Forward-looking statements in this Quarterly Report on Form 10-Q represent our beliefs, projections and predictions about future events. These statements are necessarily subjective and involve known and unknown risks, uncertainties and other important factors that could cause our actual results, performance or achievements, or industry results, to differ materially from any future results, performance or achievement described in or implied by such statements. Actual results may differ materially from the expected results described in our forward-looking statements, including with respect to the correct measurement and identification of factors affecting our business or the extent of their likely impact, the accuracy and completeness of publicly available information relating to the factors upon which our business strategy is based, or the success of our business. The factors or uncertainties that could cause actual results, performance or achievement to differ materially from forward-looking statements contained in this report are described in Part II, Item 1A, Risk Factors, and elsewhere in this report.

Overview

We are a leading provider of fourth generation, or 4G, wireless broadband services. We build and operate next generation mobile broadband networks that provide high-speed mobile Internet and residential Internet access services in communities throughout the country. As of March 31, 2012, we offered our services in 88 markets in the United States covering an estimated 134 million people, including an estimated 132 million people covered by our 4G mobile broadband networks in 71 markets. Our 4G mobile broadband network provides a connection anywhere within our coverage area.

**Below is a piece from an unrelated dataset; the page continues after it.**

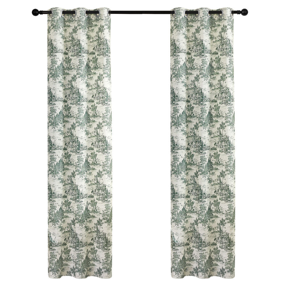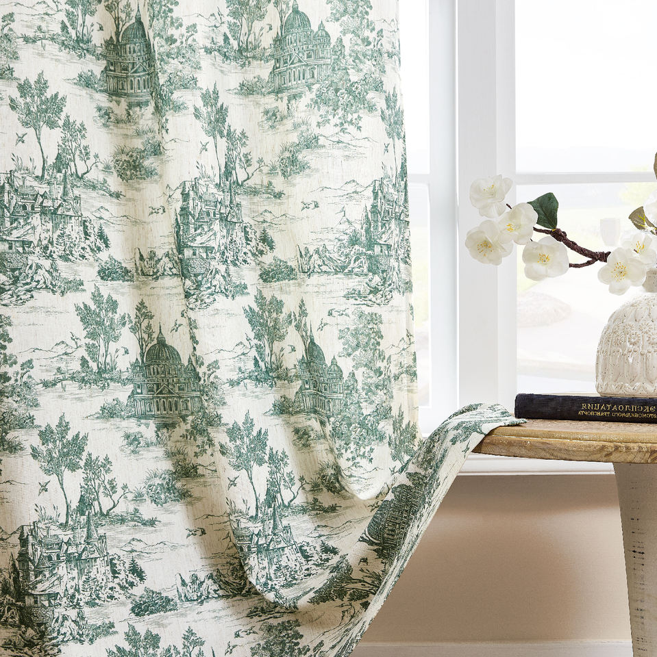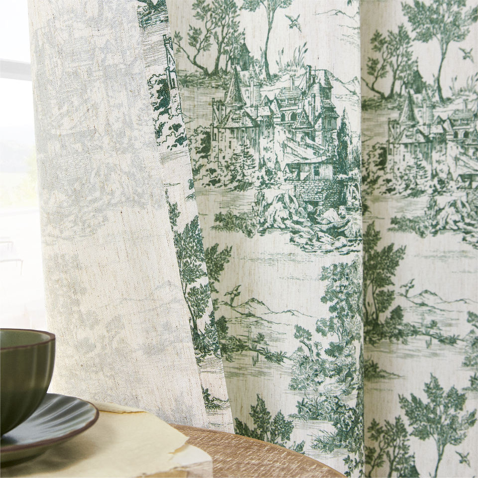 Cortinas de Lino Estampadas con Reducción de Luz, Estilo de Boceto Botánico Floral, Verde de Alta Calidad, 1 Pieza, Cortinas Tejidas de Zhejiang Plant

In our current 4G mobile broadband markets in the United States, we offer our services through retail channels and through our wholesale partners. Sprint Nextel Corporation, which we refer to as Sprint, accounts for primarily all of our wholesale sales to date, and offers services in each of our 4G markets. We have also recently entered into wholesale arrangements with Simplexity, FreedomPop and Leap Wireless. We ended the quarter with approximately 1.3 million retail and 9.7 million wholesale subscribers. We are currently focused on growing our revenue by continuing to build our wholesale business and to leverage our retail business, reducing expenses and seeking additional capital for our current business and to continue the development of our network.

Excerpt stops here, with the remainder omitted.